The director had something himself to learn during the making of this 2D animation film, starting from the way of animating characters and moving to the way the mind itself works. “During many years I was teaching the classical law, that when you have the weight on a foot which is on the ground, this foot must not move if you want to avoid a sliding of your character. This law won’t function in the same way in “blind” animation. In fact, when you have a lot of vibrating lines, some of them are more precise and at better position than others. I realized that visual perception is like hearing: it chooses. When you are interested in hearing someone talking in a noisy place, your perception distinguishes what is interesting, isolates and ignores the rest. Visual perception does the same: when we distinguish a few lines in the right place corresponding to the gravity and elasticity of a movement following our experience, our perception chooses these lines as references, and considers what remains as noise. Without vibration, perception is more comfortable, yet in a vibrant context our perception actively chooses”.
He calls this ‘blind’ animation a kind of impressionistic animation; the Impressionists' notion of complimentary colors in painting is here paralleled by the complementary lines, placed one beside the other and get connected in our mind (his thoughts to be further expanded in his presentation at “10èmes rencontres professionnelles de Fontevraud”). “Paradoxically, we like this process of participation. We feel creators; we like to understand by ourselves”. The Blind Writer will travel the international festival circuit, and, hopefully, its pertinent questions as well on a film that is very particular, pressing yet still sensitive on issues too familiar to disregard.
About Georges Sifianos
Georges Sifianos, born in Greece, holds a PhD in animation aesthetics from the University of Sorbonne. He is a filmmaker and professor emeritus of animation at ENSAD in Paris, where he founded the Department of Animation Studies in 1995. He has lectured worldwide including universities in Europe, India, Korea, Japan and China.

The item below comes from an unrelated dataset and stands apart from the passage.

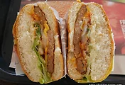반으로 잘라보니 정말 재료가 빵 속에 미어터질 듯이 들어있었어요.

As a member of PSL academic research group, SACRe (EA 7410), he is interested in the renewal of forms of animation cinema, particularly from the point of view of cognitive science. The blindfolded animation approach employed in “The blind writer” is part of this research. His other recent research interest concerns animation forms found on the Parthenon’s Frieze. His book Aesthetics of Animated Cinema received the 2014 "McLaren - Lambart" award for the best academic book by the Society for Animation Studies and the "Hemingway Grant" in 2015.